#### Listed entries:
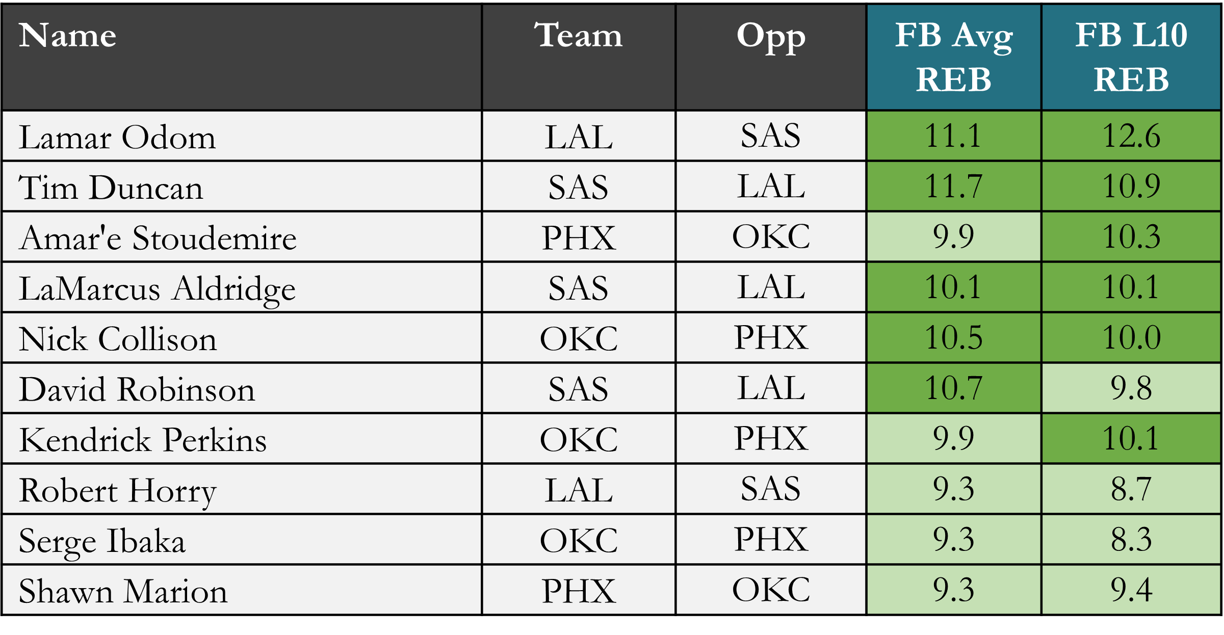 S Tier (averaged 10.0+ REB): Lamar Odom, Tim Duncan, LaMarcus Aldridge, Nick Collison
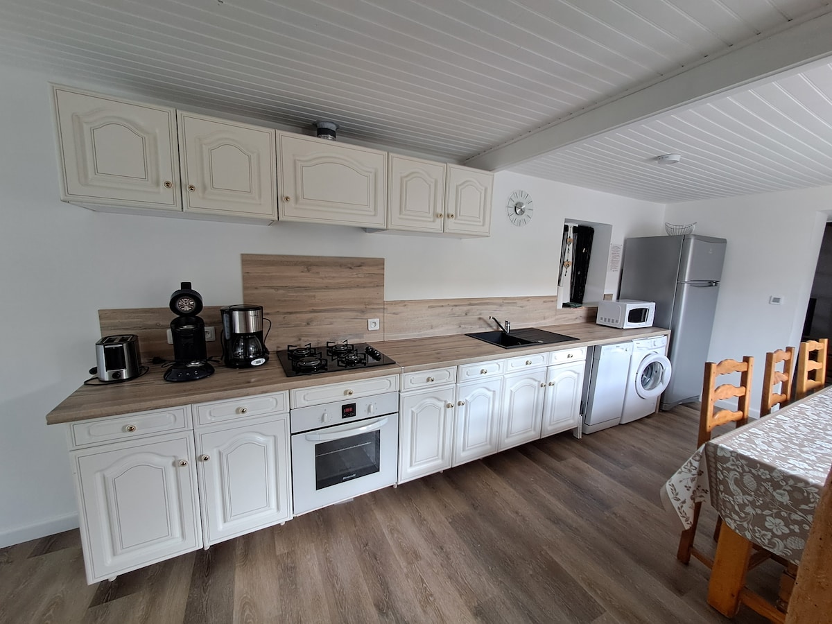 Descripción: Sala de estar ( sofá , televisión ) Cocina abierta totalmente equipada (lavavajillas, nevera, microondas/parrilla, cafetera Senseo, batería de cocina) 1 habitación con cama para 2 personas ( ropa de cama con suplemento) y televisión Cuarto de baño con ducha de azulejos e inodoro ( toallas por un suplemento) Terraza equipada con muebles de jardín, barbacoa de carbón Despensa Zona verde privada
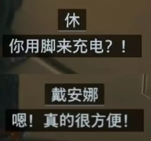 戴安娜原画 游戏未发售前,就有玩家疑惑为什么"小女孩"【戴安娜】为什么不穿鞋,光着脚? 而在游戏中,主角【休】也有这个疑惑,他会问【戴安娜】为什么不穿鞋? 【戴安娜】的回答(官方解释/设定)是: "摇篮基地的地下有能量存储器,我光着脚才能充电!" 真正的用脚充电...(机器人,很合理) 即使在户外,戴安娜的电池也能用很久。
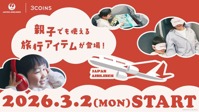 雑貨店「3COINS(スリーコインズ)」を展開するパルと、JALグループの商社JALUX(ジャルックス)は2月19日、日本航空(JAL/JL、9201)とコラボレーションした親子向け旅行アイテムを3月2日に発売すると発表した。
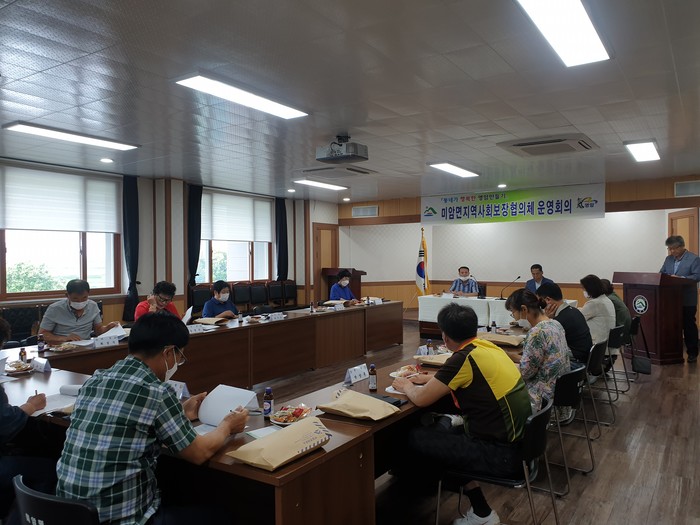 전남 영암군 미암면 지역사회보장협의체는 28일 미암면사무소 회의실에서 제2차 정기회의를 열었다. 이번 회의에서는 신규임원을 선출하고, 하반기에 추진할 특화사업에 대한 지원대상과 운영방법에 대한 세부사항을 논의했다. 사진은 정기회의를 진행하고 있는 모습. (사진제공=영암군청)
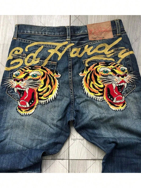 Retro Gothic Tiger Graphic Denim Jeans for Men - Y2K Punk Streetwear Style
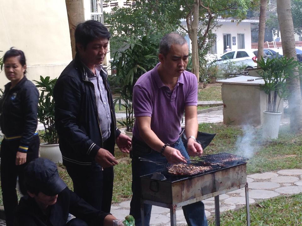 Para "koki" Vietnam juga sedang membakar sate ala Vietnam
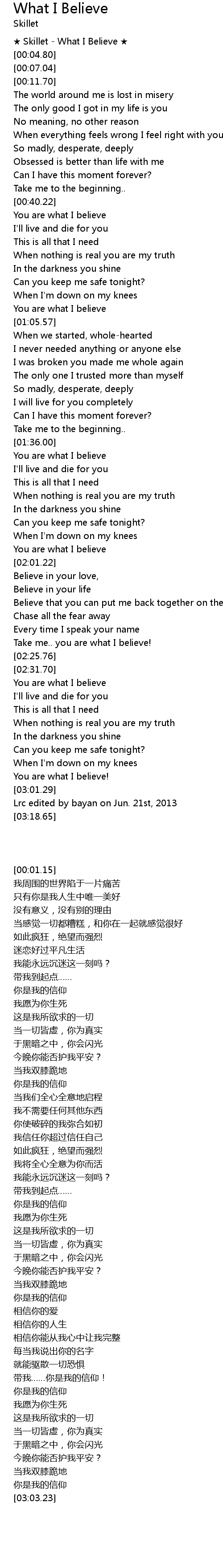 | [00:01.15] | ★ Skillet - What I Believe ★ |
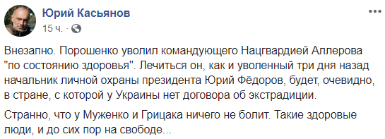 "Внезапно. Порошенко уволил командующего Нацгвардией Аллерова "по состоянию здоровья". Лечиться он, как и уволенный три дня назад начальник личной охраны президента Юрий Фёдоров, будет, очевидно, в стране, с которой у Украины нет договора об экстрадиции.
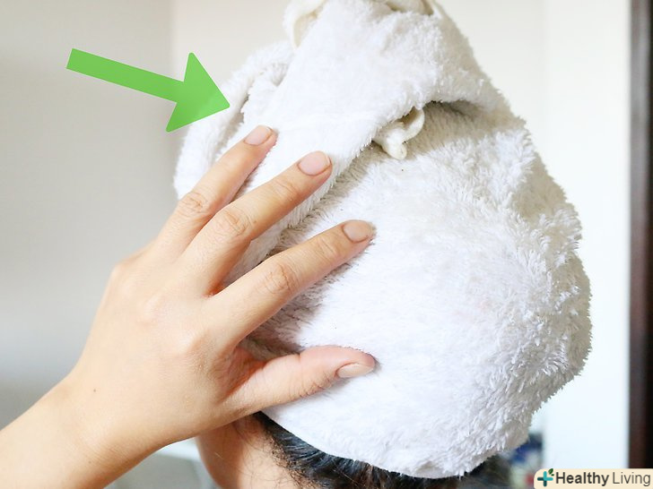 Обмотайте голову теплим і мокрим бавовняним рушником. якщо ви хочете провести глибоке кондиціонування волосся, тоді обмотайте голову теплим бавовняним рушником і не знімайте його протягом години. [6] Тепло збільшить ступінь поглинання вітаміну Е В волосся і шкіру голови.- Щоб зробити рушник теплим і мокрим, заповніть раковину або велику миску гарячою водою і занурте в неї рушник. Вичавіть з рушники зайву воду і обмотайте його навколо голови.

#### Task prompt:
Print the whole listing above exactly, and keep every picture out of the copy.

#### The answer:
 S Tier (averaged 10.0+ REB): Lamar Odom, Tim Duncan, LaMarcus Aldridge, Nick Collison
 Descripción: Sala de estar ( sofá , televisión ) Cocina abierta totalmente equipada (lavavajillas, nevera, microondas/parrilla, cafetera Senseo, batería de cocina) 1 habitación con cama para 2 personas ( ropa de cama con suplemento) y televisión Cuarto de baño con ducha de azulejos e inodoro ( toallas por un suplemento) Terraza equipada con muebles de jardín, barbacoa de carbón Despensa Zona verde privada
 戴安娜原画 游戏未发售前,就有玩家疑惑为什么"小女孩"【戴安娜】为什么不穿鞋,光着脚? 而在游戏中,主角【休】也有这个疑惑,他会问【戴安娜】为什么不穿鞋? 【戴安娜】的回答(官方解释/设定)是: "摇篮基地的地下有能量存储器,我光着脚才能充电!" 真正的用脚充电...(机器人,很合理) 即使在户外,戴安娜的电池也能用很久。
 雑貨店「3COINS(スリーコインズ)」を展開するパルと、JALグループの商社JALUX(ジャルックス)は2月19日、日本航空(JAL/JL、9201)とコラボレーションした親子向け旅行アイテムを3月2日に発売すると発表した。
 전남 영암군 미암면 지역사회보장협의체는 28일 미암면사무소 회의실에서 제2차 정기회의를 열었다. 이번 회의에서는 신규임원을 선출하고, 하반기에 추진할 특화사업에 대한 지원대상과 운영방법에 대한 세부사항을 논의했다. 사진은 정기회의를 진행하고 있는 모습. (사진제공=영암군청)
 Retro Gothic Tiger Graphic Denim Jeans for Men - Y2K Punk Streetwear Style
 Para "koki" Vietnam juga sedang membakar sate ala Vietnam
 | [00:01.15] | ★ Skillet - What I Believe ★ |
 "Внезапно. Порошенко уволил командующего Нацгвардией Аллерова "по состоянию здоровья". Лечиться он, как и уволенный три дня назад начальник личной охраны президента Юрий Фёдоров, будет, очевидно, в стране, с которой у Украины нет договора об экстрадиции.
 Обмотайте голову теплим і мокрим бавовняним рушником. якщо ви хочете провести глибоке кондиціонування волосся, тоді обмотайте голову теплим бавовняним рушником і не знімайте його протягом години. [6] Тепло збільшить ступінь поглинання вітаміну Е В волосся і шкіру голови.- Щоб зробити рушник теплим і мокрим, заповніть раковину або велику миску гарячою водою і занурте в неї рушник. Вичавіть з рушники зайву воду і обмотайте його навколо голови.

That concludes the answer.